Please follow the existing comment style.
Capitalize the first word in the sentence and add punctuation at the end.

> + int extent_type;
> };
>
> static int __clone_root_cmp_bsearch(const void *key, const void *elt)
> @@ -1327,8 +1330,8 @@ static int __clone_root_cmp_sort(const void *e1, const void *e2)
> * Called for every backref that is found for the current extent.
> * Results are collected in sctx->clone_roots->ino/offset.
> */
> -static int iterate_backrefs(u64 ino, u64 offset, u64 num_bytes, u64 root_id,
> - void *ctx_)
> +static int iterate_backrefs(u64 ino, u64 offset, u64 num_bytes, int extent_type,
> + u64 root_id, void *ctx_)
> {
> struct backref_ctx *bctx = ctx_;
> struct clone_root *clone_root;
> @@ -1341,6 +1344,10 @@ static int iterate_backrefs(u64 ino, u64 offset, u64 num_bytes, u64 root_id,
> if (!clone_root)
> return 0;
>
> + /* Type is not matched */

This comment is useless.

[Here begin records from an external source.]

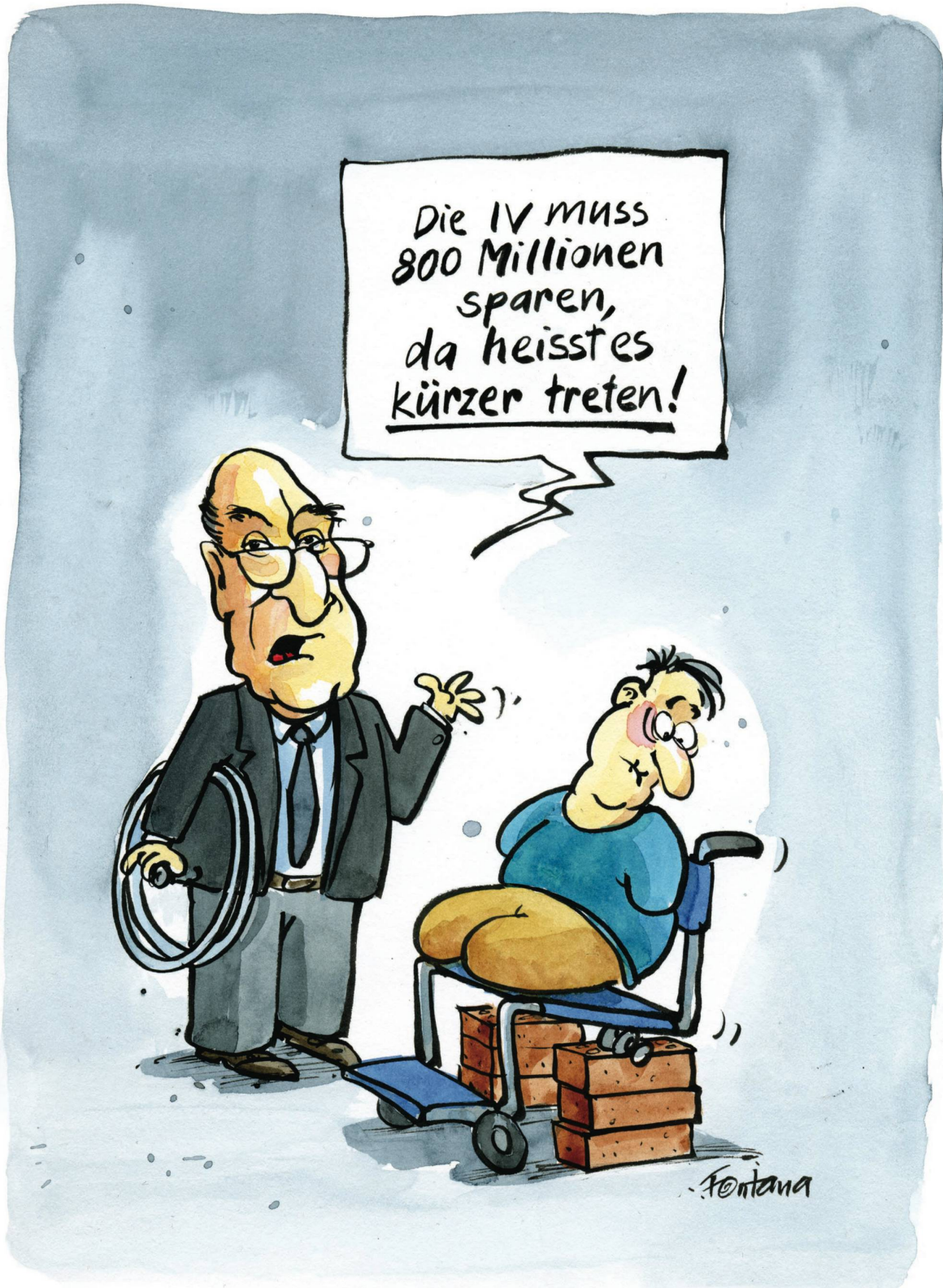
Um das Millionendefizit der Invalidenversicherung zu decken, werden Leistungskürzungen in Betracht gezogen.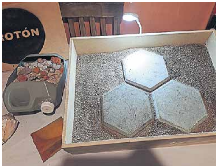
PRODUCTO. Las losetas serán parte de senderos y paseos públicos. También podrán utilizarse en estacionamientos residenciales, dada su resistencia probada.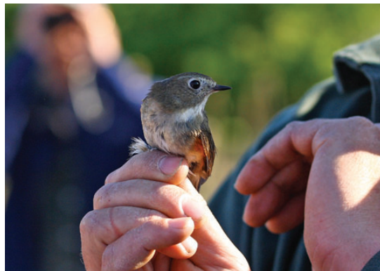
Blåstjert, 2K han/2K+ hun ringm., Ellekrattet, Skagen, 26. maj 2008.

2008: 30/4, Grenen, Skagen (NJ), trkf., *Rolf Christensen, Poul Thrane m.fl. (Foto). 11 af de danske fund er fra april og maj; eneste uden for denne periode er fra Christiansø 21-30/6 1990 (Frich & Nordbjærg 1992). (Alperne og Sydeuropa; overvintrer i østlige og sydlige Afrika.)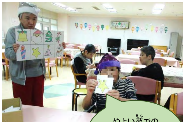
やよい苑での クリスマス会も 楽しかった♪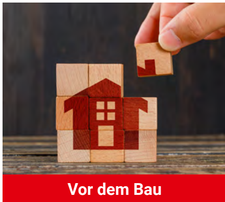
Vor dem Bau

Damit das Traumhaus nicht zum Albtraum wird, sorgen wir als zuverlässiger und erfahrener Partner an Ihrer Seite für einen sicheren und reibungslosen Ablauf – vom ersten Beratungsgespräch bis zur Schlüsselübergabe. Unser Bauqualitäts- und Baufinanz-Schuttbrief schützt Sie vor allen Eventualitäten beim Hausbau. Mit unseren umfangreichen Serviceleistungen sorgen wir dafür, dass Sie entspannt in Ihr neues Massivhaus einziehen können.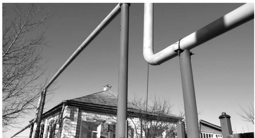
НА ФОТО: СТОИМОСТЬ КИЛОМЕТРА ГАЗОПРОВОДА ЗАВЫШЕНА В ТРИ РАЗА

Looking at the variable and member names
below, it's perfectly clear we are comparing
extent types, and it's also perfectly clear we are testing for a mismatch.
Comments should be used for non-obvious things, otherwise they just distract.

Also, since this seems to be a send specific issue (though not clear
given the changelog above), the
subject should be like: "btrfs: send: ...."

Thanks.

> + if (extent_type != bctx->extent_type)
> + return 0;
> +
> /* This is our own reference, bail out as we can't clone from it. */
> if (clone_root->root == bctx->sctx->send_root &&
> ino == bctx->cur_objectid &&
> @@ -1599,6 +1606,7 @@ static int find_extent_clone(struct send_ctx *sctx,
> extent_type = btrfs_file_extent_type(eb, fi);
> if (extent_type == BTRFS_FILE_EXTENT_INLINE)
> return -ENOENT;
> + backref_ctx.extent_type = extent_type;
>
> disk_byte = btrfs_file_extent_disk_bytenr(eb, fi);
> if (disk_byte == 0)
> --
> 2.34.1
>